Sin embargo, lo que he aprendido en mis viajes es que la cultura es resiliente y, a menudo, encuentra maneras ingeniosas de adaptarse. En Malí, la transmisión oral y la enseñanza familiar siguen siendo pilares fundamentales.
Las abuelas, los tíos, los padres… todos juegan un papel clave en enseñar estos juegos a los más pequeños. Es una tradición viva que se nutre en las calles, en los patios de las casas y en las reuniones familiares.
Además, he visto con optimismo cómo algunas organizaciones locales e internacionales están trabajando para documentar y preservar estos juegos.
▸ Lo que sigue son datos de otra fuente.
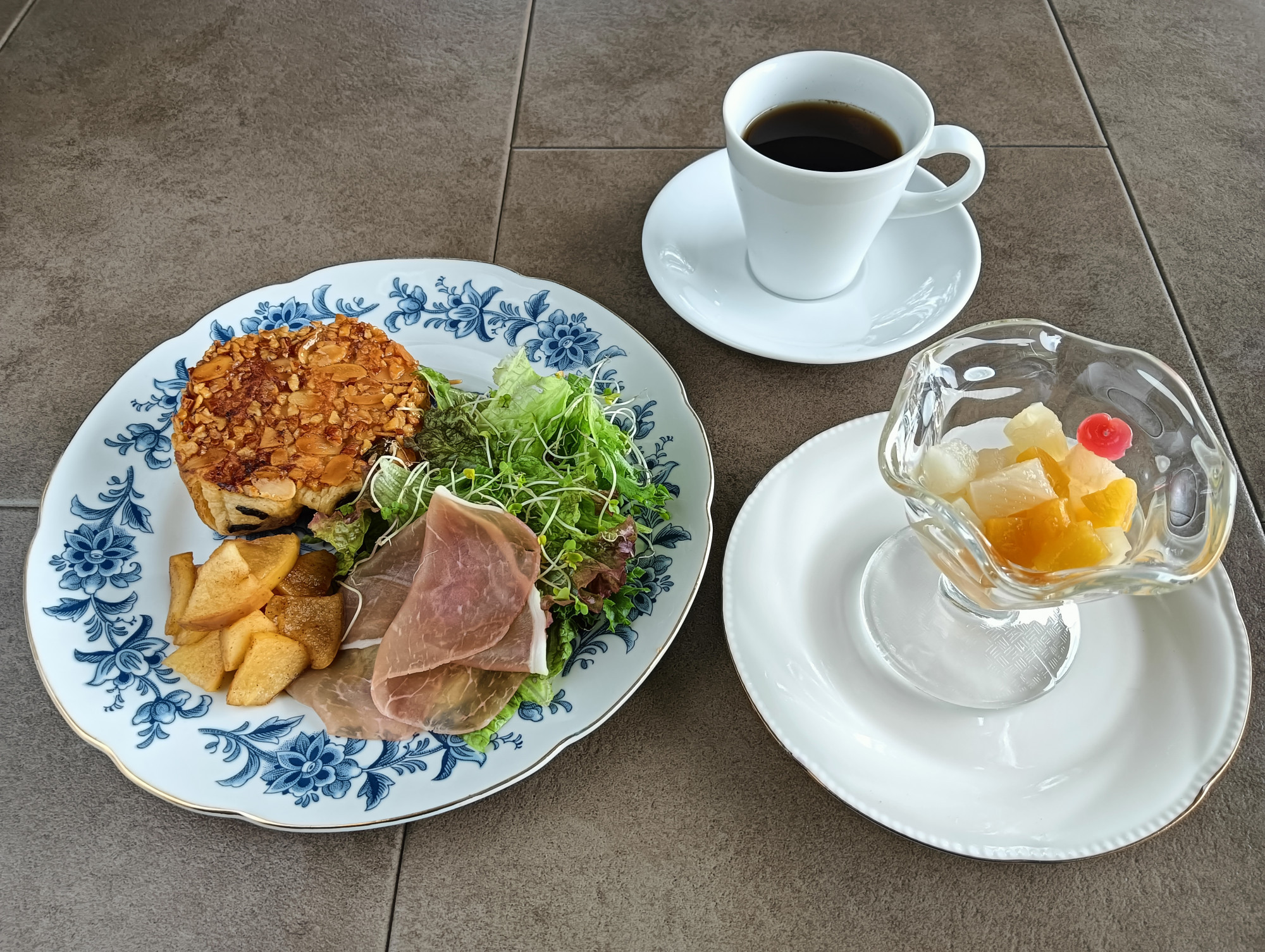 【本日のモーニング】880円(税込968円) ・デニッシュ オブ ショコラナッツ★ ・サラダ ・生ハム ・アップルシナモン ・フルーツカクテル お食事ご注文で コーヒー、紅茶は... -
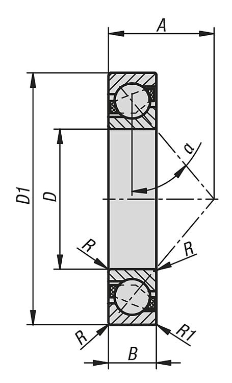 | D1 | B | R min. | R1 min. | α | A | 额定负载 动态 N | 额定负载 静态 N | 最高转速 1/min. | CAD | 配件 | 价格 | 订购 |
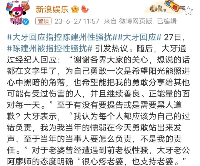 大牙指控陈建州性骚扰,陈建州否认反控其栽赃,职场霸凌有多无奈
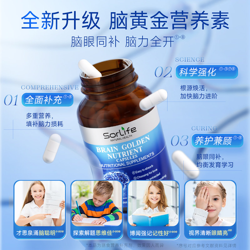 📚 SorLife诗丽芙DHA脑黄金补脑神经酸学生高中生记忆力专用藻油鱼油
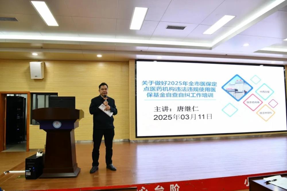 会上,医院党委副书记、院长唐继仁首先对关于做好2025年全市医保定点医药机构违法违规使用医保基金自查自纠工作进行了详细培训,强调要按照《国务院办公厅关于加强医疗保障基金使用常态化监管的实施意见》合理合规使用医保资金。他要求全体临床医师认真阅读学习医保相关文件,了解相关政策,了解每一个医保收费项目的定义及内涵,避免超标准收费、重复收费、过度检查等违规行为。
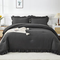 Andency Dark Gray Twin Size Comforter, 2 Pieces Kids All Season Ruffle Bed Comforter Set, Boho Lightweight Solid Farmhouse Shabby Chic Bedding Comforters & Sets (66X90Inch Comforter)
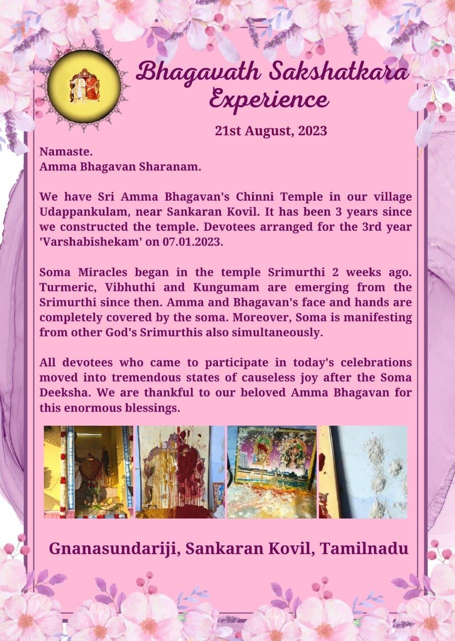 2週間前、寺院のシュリムルティでソーマの奇跡が始まりました。
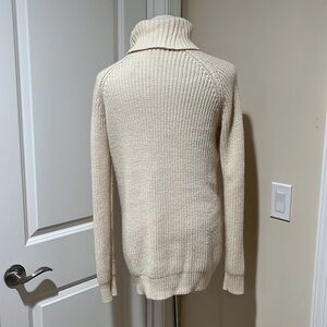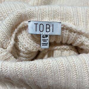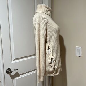 TOBI Sweater - Turtleneck Style - Criss Cross Sides - Medium Weight Sweater - Oatmeal Beige Coloring - Size Small - 100% Arcylic - Excellent Used Condition!
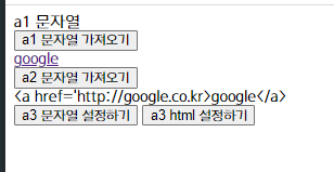 - a2 문자열 가져오기 버튼 클릭시 a 태그의 google 문자열만 가져옴
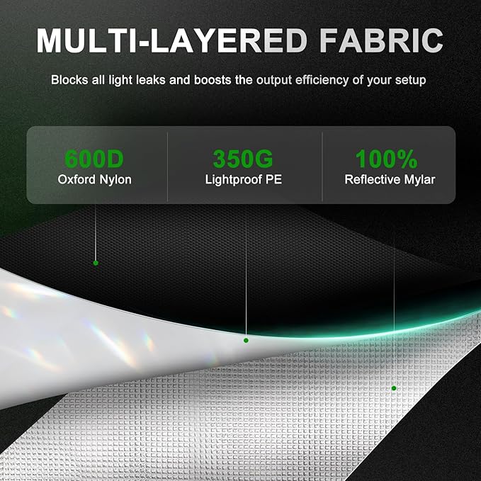 - 【Highly Reflective Interior】: The grow tent uses a highly reflective waterproof polyester film lining to effectively utilize every beam of light. It can be matched with your growing lamps and equipment to maximize the utilization of light, so that your plants can get enough light, maintain stable temperature and humidity, and achieve healthy growth of plants.
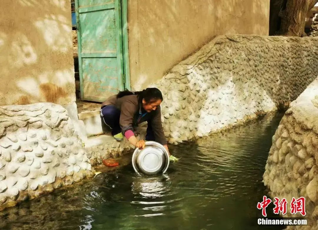 居民在坎兒(er) 井明渠洗菜。圖片來自吐魯番零距離

La UNESCO, por ejemplo, está haciendo un trabajo fenomenal digitalizando y difundiendo muchos de estos juegos africanos, asegurando que su esencia y sus reglas queden registradas para las futuras generaciones.
También hay festivales culturales y eventos comunitarios que celebran y promueven estos pasatiempos ancestrales. Para mí, la clave está en el equilibrio: no se trata de rechazar lo nuevo, sino de recordar y valorar la riqueza de lo que ya tenemos.
Cuando un niño ríe mientras juega a algo que su abuelo jugó, ahí reside la verdadera magia de la continuidad cultural. ¡Es algo que me llena el corazón de esperanza!